My opinion is that the buck in the video, also pictured, is at least 3-5 inches wider than mine with that junk coming off the left side. Maybe even more.


----------



## ridgetop (Sep 13, 2007)

toasty said:


> If that deer has a 40" spread, I've been scouting several deer this year that are over 30" and thinking they were around 26" or 27". I can get to 35", but no way that is a 40" spread.


Lets see some of your recent bucks.


----------



## ridgetop (Sep 13, 2007)

berrysblaster said:


> He's a cool buck for sure and some lucky hunter will hopefully smoke him!
> 
> Sent from my iPhone using Tapatalk


The way he wouldn't even look up when someone was yelling at him.
I'm sure his days are numbered.


----------



## bowhunt3r4l1f3 (Jan 12, 2011)

I believe Bullsnot has one this year. Should be a blast!


----------



## bullsnot (Aug 10, 2010)

Yes I do. I have an archery tag. I've been trying to stay low key this year, especially armed with pics of that buck. Now that the entire world knows that buck is out running around I might as well come out of the closet. I know where this buck is now but more importantly I believe I know where he came from so if pressured I think I know where he'll go.

Please don't ask how many points I had, I've received enough hate mail. ;-)

A special shout out to Scott for posting this video! JK Scott...I would've done the same thing in your shoes.


----------



## bullsnot (Aug 10, 2010)

ridgetop said:


> The way he wouldn't even look up when someone was yelling at him.
> I'm sure his days are numbered.


None of the big bucks do down there it seems. It's strange. It's almost like they are arrogant.


----------



## toasty (May 15, 2008)

ridgetop said:


> Lets see some of your recent bucks.


I had this guy at 27-28", maybe closer to 30"?


----------



## Critter (Mar 20, 2010)

I think with all the publicity that buck has gotten I would look for a nicer more symmetrical buck elsewhere, and then when everyone was chasing that one I would go after the other one.

But it would be a tough decision to make.


----------



## bullsnot (Aug 10, 2010)

Critter said:


> I think with all the publicity that buck has gotten I would look for a nicer more symmetrical buck elsewhere, and then when everyone was chasing that one I would go after the other one.
> 
> But it would be a tough decision to make.
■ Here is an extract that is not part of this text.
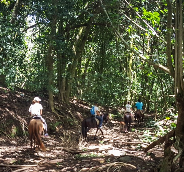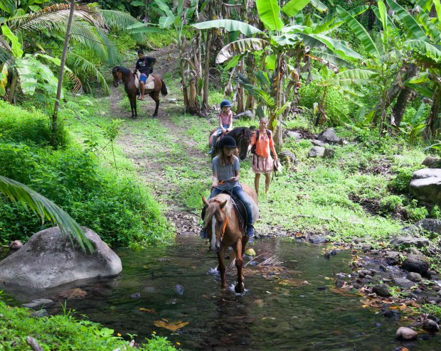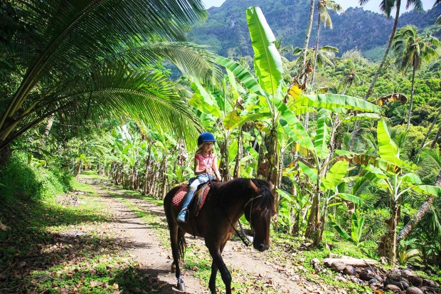 « Vous savez monter ? » Mis à part Jean-Marie qui se remémore avec nostalgie des chevauchées dans les steppes mongoles, Lili, Pierre et moi n’avons que peu d’expérience. Mais une furieuse envie de parcourir vallées et flancs de montagne du haut de ces braves et doux destriers. Introduit dans l’archipel via les Européens (au XVIe ou XIXe siècle selon les historiens), le cheval est toujours utilisé sur les chemins non carrossables, notamment pour transporter le coprah.

We'll have to see what it ends up being like but there are only 12 tags for that unit in the archery season including the 2 premium tag holders. I met the one non-res tag holder. He's from Grand Junction. He was watching this buck right along side me 3 weeks ago. I know that at least 3 other archery guys will likely be going after this buck.

Is that enough to walk away right off the bat? I'm not sure it is.


----------



## Critter (Mar 20, 2010)

bullsnot said:


> Is that enough to walk away right off the bat? I'm not sure it is.
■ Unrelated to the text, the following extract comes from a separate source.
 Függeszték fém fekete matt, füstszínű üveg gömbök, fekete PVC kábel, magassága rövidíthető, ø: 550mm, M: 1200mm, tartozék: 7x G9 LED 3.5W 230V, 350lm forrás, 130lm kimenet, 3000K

I think that it would depend on the quality of some of the other bucks down there. I know that there have to be a couple other nice ones, perhaps not as wide but just as good


----------



## bullsnot (Aug 10, 2010)

Critter said:


> I think that it would depend on the quality of some of the other bucks down there. I know that there have to be a couple other nice ones, perhaps not as wide but just as good


Well that's true too. I've seen a few that would definitely score better. This buck is just so unique. It's hard not to get excited about him.


----------



## Vanilla (Dec 11, 2009)

I wouldn't walk away from that buck if that is the buck you want to kill. 

Here is the reality of today's hunting, especially on a unique place like the Henry Mountains: If there is a giant deer that you have found down there, it will not be a secret and there will be both large and small armadas searching for that buck during every season until it is killed. Sometimes these old warriors are still able to make it through, which is absolutely amazing to me. Kind of cool when you think about it. 
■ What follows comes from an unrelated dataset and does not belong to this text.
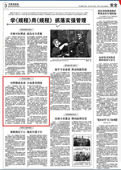 就及时为煤矿生产一线管理人员配发了新版《规程》。同时,该集团利用企业报纸、电视、网站、微信等媒体,开展专题宣传,组织干部职工学习研讨,做好与《规程》修改条款的对标检查。各煤矿单位纷纷通过“学、查、改”等方式,推动《规程》修改条款落地生根,切实提高矿井的安全保障能力。

I would definitely have a plan B, because you know for sure that there are other hunters after this buck as well. But if this is the buck you want, regardless of what other good deer are down there, don't walk away from it. Go try and kill him. If it doesn't work out, go after a different big boy. You're in a very enviable position. Good luck, I hope you kill a giant!


----------



## bullsnot (Aug 10, 2010)

Sure...it's a good problem to have, right? I'm not complaining but I am curious. I've heard a lot of different things and I can't help but wonder what I should be expecting. I've heard that the hunter entourage's are very large down there, especially for archery, so it will feel like there are a lot of hunters. Eye's, ATV's, camps, and trucks everywhere. 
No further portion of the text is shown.